What is needed: Please repeat the lines below exactly. Begin with the line containing "We chose photography" and go on through the line containing "ニンジンは皮をむき、モヤシくらいの太さのせん切りにする。".

Material to process:
BEGIN
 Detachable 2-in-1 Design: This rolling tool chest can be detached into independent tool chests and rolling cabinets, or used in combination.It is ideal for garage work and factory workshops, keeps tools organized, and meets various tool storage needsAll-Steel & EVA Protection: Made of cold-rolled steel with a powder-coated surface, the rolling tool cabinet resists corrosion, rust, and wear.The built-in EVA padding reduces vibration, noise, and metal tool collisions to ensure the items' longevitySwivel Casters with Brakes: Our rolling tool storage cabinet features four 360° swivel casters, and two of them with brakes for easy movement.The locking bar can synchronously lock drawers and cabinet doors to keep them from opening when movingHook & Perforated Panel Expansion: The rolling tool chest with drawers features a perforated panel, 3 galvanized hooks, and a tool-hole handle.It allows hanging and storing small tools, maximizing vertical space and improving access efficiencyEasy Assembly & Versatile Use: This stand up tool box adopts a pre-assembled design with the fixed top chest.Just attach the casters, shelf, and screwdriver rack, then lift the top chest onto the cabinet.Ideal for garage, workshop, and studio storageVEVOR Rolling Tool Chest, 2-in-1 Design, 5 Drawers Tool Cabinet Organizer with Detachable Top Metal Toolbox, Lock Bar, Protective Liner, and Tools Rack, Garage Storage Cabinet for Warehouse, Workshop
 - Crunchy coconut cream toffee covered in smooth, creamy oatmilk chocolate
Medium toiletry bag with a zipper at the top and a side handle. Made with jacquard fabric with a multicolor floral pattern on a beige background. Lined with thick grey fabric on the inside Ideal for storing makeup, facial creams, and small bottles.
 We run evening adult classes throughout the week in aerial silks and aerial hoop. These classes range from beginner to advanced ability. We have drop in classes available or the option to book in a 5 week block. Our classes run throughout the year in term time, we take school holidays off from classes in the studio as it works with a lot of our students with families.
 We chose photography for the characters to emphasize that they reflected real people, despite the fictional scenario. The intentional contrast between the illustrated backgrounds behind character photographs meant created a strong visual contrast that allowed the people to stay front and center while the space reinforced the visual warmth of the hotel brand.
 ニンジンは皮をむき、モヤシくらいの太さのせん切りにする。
END
BEGIN
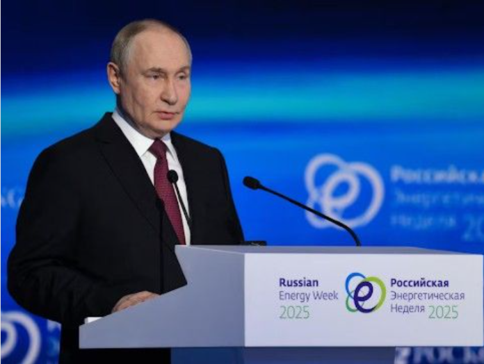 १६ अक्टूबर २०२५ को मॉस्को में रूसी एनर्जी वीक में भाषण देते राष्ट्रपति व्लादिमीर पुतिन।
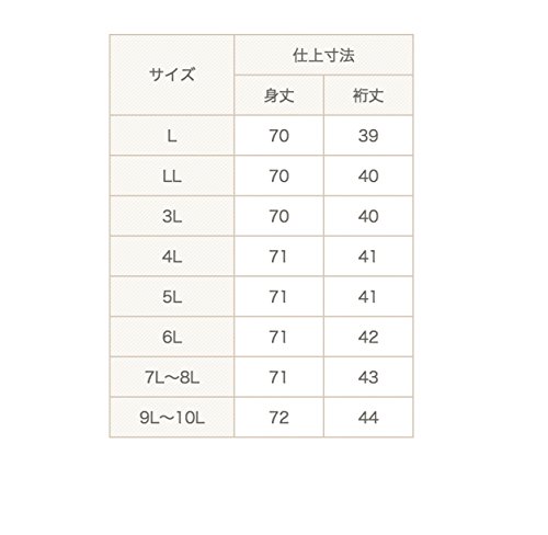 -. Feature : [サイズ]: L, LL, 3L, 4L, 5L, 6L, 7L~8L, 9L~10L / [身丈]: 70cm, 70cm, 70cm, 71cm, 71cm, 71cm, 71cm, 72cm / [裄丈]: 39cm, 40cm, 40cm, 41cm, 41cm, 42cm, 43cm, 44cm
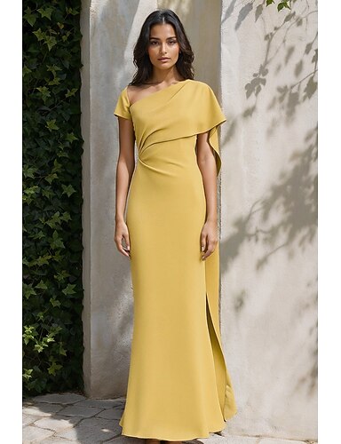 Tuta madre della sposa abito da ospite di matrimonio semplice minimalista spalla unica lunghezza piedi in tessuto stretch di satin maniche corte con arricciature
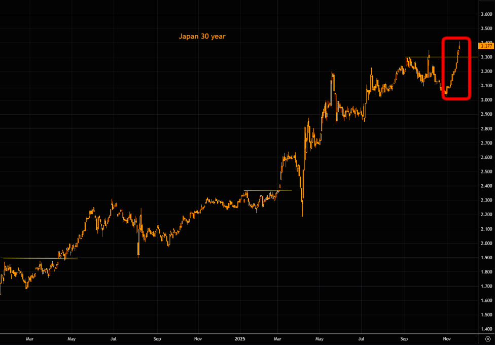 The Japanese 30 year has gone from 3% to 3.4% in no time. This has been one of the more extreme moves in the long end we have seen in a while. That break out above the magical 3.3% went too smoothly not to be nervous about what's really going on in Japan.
END
Task result:
 We chose photography for the characters to emphasize that they reflected real people, despite the fictional scenario. The intentional contrast between the illustrated backgrounds behind character photographs meant created a strong visual contrast that allowed the people to stay front and center while the space reinforced the visual warmth of the hotel brand.
 ニンジンは皮をむき、モヤシくらいの太さのせん切りにする。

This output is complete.